NSX intelligence Appliance /var/log partition 100% full, due to kafka-authorizer "Denied Operation" events
book
Article ID: 324404
calendar_today
Updated On:
Products
VMware NSX
Issue/Introduction
Symptoms:
NSX Intelligence appliance becomes unmanageable
ESXi hosts can no longer establish new connections to NSX Intelligence appliance
/var/log partition is 100% full
The size of the /var/log/kafka directory exceeds 28GB
Issue seen in NSX-T 3.1.0 and below. NSX Intelligence 1.2
/var/log/kafka-authorizer.log filled with events similar to below:
020-11-30T19:33:30.924ZUTC INFO data-plane-kafka-request-handler-5 logger - Principal = User:UID=18163772-95fe-44ef-a713-0890e4842c29,CN=VMware-NSX-Host,1.2.840.113549.1.9.1=#161b73736c2d63657274696669636174657340766d776172652e636f6d,O=VMware\, Inc.,L=Palo Alto,ST=California,C=US is Denied Operation = Describe from host = 20.20.210.120 on resource = Topic:LITERAL:
Environment
VMware NSX-T Data Center 3.x VMware NSX-T VMware NSX-T Data Center 2.x VMware NSX-T Data Center VMware NSX-T Data Center 2.5.x
Cause
Guest metric topic is not sent today as part of config msg. However the kafka client was still creating guest metrics kafka topic object. This leads to the broker flooding the kafka-authorizer logs in Intelligence appliance.

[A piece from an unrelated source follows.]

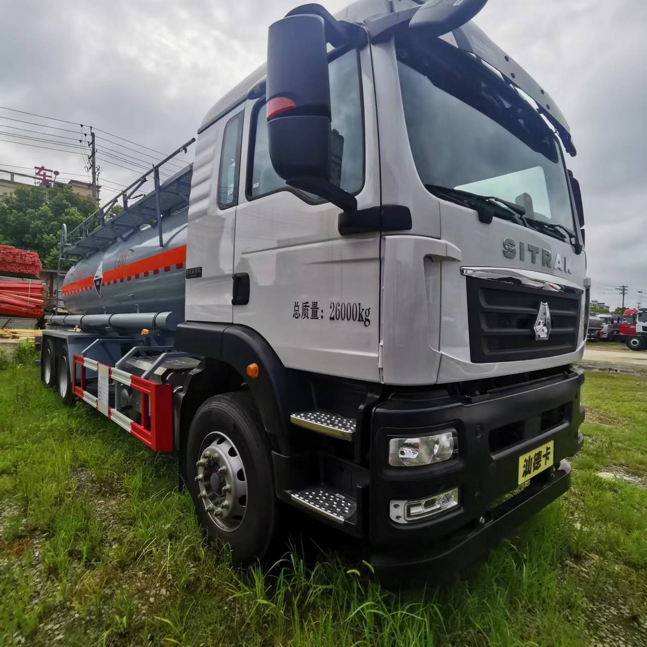 汕德卡國六后雙橋腐蝕品罐式車采用的是汕德卡危險品專用底盤;多功能方向盤;電動電加熱后視鏡;HW95508STCL變速箱;VPD050QB前軸(盤);MCY11BGS自調(diào)臂單后橋(鼓);速比4.63;雙層車架(8+4/280);前少后空氣懸架(3/3/-);博世方向機;限速79km/h;前置排氣系統(tǒng);AEBS(EBS+ESC);高位保險杠;295/80R22.5輪胎;400L油箱;LDWS+FCWS;中國重汽智能通B版;電磁式電源開關(guān);終端排放監(jiān)控裝置;轉(zhuǎn)向輪爆胎應(yīng)急裝置;165AH蓄電池。

The issue is seen in scale setup in a stable state after 26 days
Without the fix the kafka-authorizer continuously logs "Denied Operation" statements thereby flooding the logs.
Resolution
Fixed in NSX-T 3.1.1
Workaround:
Clear up the NSX Intelligence /var/log folder with the following steps:
Navigate to the /var/log/kafka folder: "cd /var/log/kafka"

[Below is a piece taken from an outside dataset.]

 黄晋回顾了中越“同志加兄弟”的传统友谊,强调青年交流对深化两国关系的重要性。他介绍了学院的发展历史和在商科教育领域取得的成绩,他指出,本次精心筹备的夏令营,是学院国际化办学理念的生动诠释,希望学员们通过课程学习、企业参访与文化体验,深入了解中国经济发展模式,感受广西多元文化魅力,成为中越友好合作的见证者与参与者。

Check the files size: "ls -lh" and look for larger file (Approx. 790M). The file name starts with: kafka-authorizer.log
Delete the oldest files.
Sample file for deletion:
-rw-r--r-- 1 kafka kafka 0 May 15 2020 kafka-authorizer.log.2020-05-15
This is a short term measure and may need to be repeated frequently depending on how quickly logs increase.